In multivariable regression models, the association of RBP4 with sex, age, BMI, waist circumference, total cholesterol, HDLc, LDLc, triglycerides, glucose, insulin and HOMA-IR was evaluated in each case as a potential independent predictor using the stepwise method. Our results showed that total cholesterol, triglycerides and gender were independently associated with RBP4 (Table 2). To further investigate how these variables influence RBP4 in pathologies characterized by varying degrees of insulin resistance, we adjusted RBP4 for independent variables. Differences in serum RBP4 levels among the three groups –euglycemic, MetS and T2D- disappeared after adjustment for triglyceride levels (p = 0.362).

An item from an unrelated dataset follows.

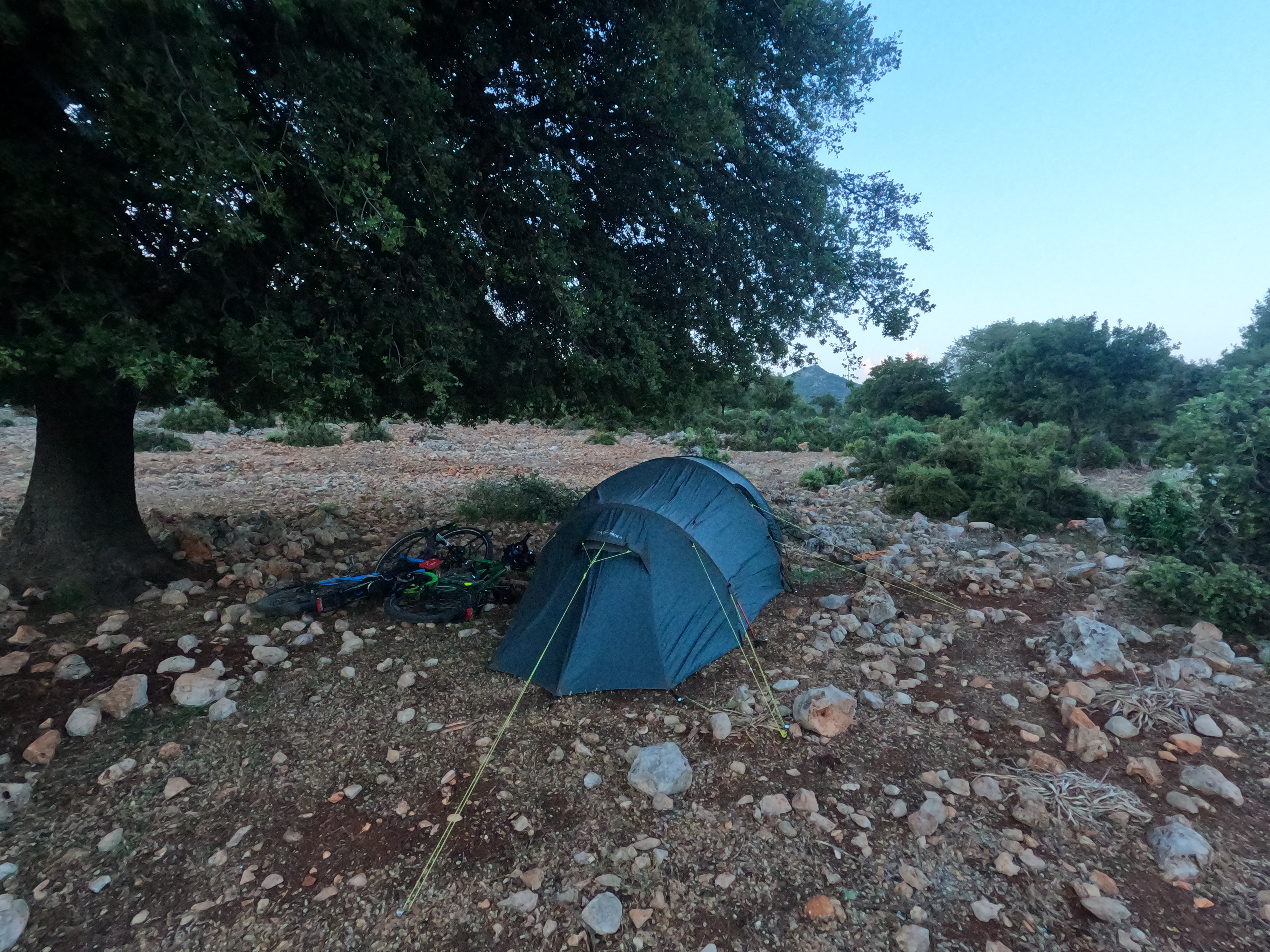 Einen kleinen Hügel aus diesem Dorf ging es noch hoch und dann fanden wir auf einer ebenen Fläche einen guten Platz für unser Zelt. Es wurde im Laufe des Abends immer windiger, sodass uns sogar kalt wurde. Daher bauten wir unser Zelt auf und machten es mal mit allen Schnüren fest. Die Nacht war mit dem gemütlichen Windrauschen am Zelt sehr erholsam.

Finally, we evaluated whether triglycerides were responsible for the differences in RBP4 among our patients. In fact, when we divided the population according to normal (<150 mg/dl) or high triglyceride levels (≥150 md/dl) and performed a one-way ANOVA we found no differences among the groups. However, we did observe a significant increase in serum RBP4 levels in patients with high levels of triglycerides independently of their degree of insulin resistance (Figure 2) and gender. Indeed, when we calculated the sex ratio between high and normal triglyceride levels, we found normal triglyceride levels in 85.7% of men and 95.2% of women (p = 0.142) in the euglycemic group, 57.3% of men and 54.4% of women (p = 0.708) in the MetS group, and 40.0% of men and 48.4% of women (p = 0.557) in the T2D group.

Table 2. Stepwise multivariate regression model for anthropometric and biochemical variables and serum RBP4 levels as dependent variable (n = 299).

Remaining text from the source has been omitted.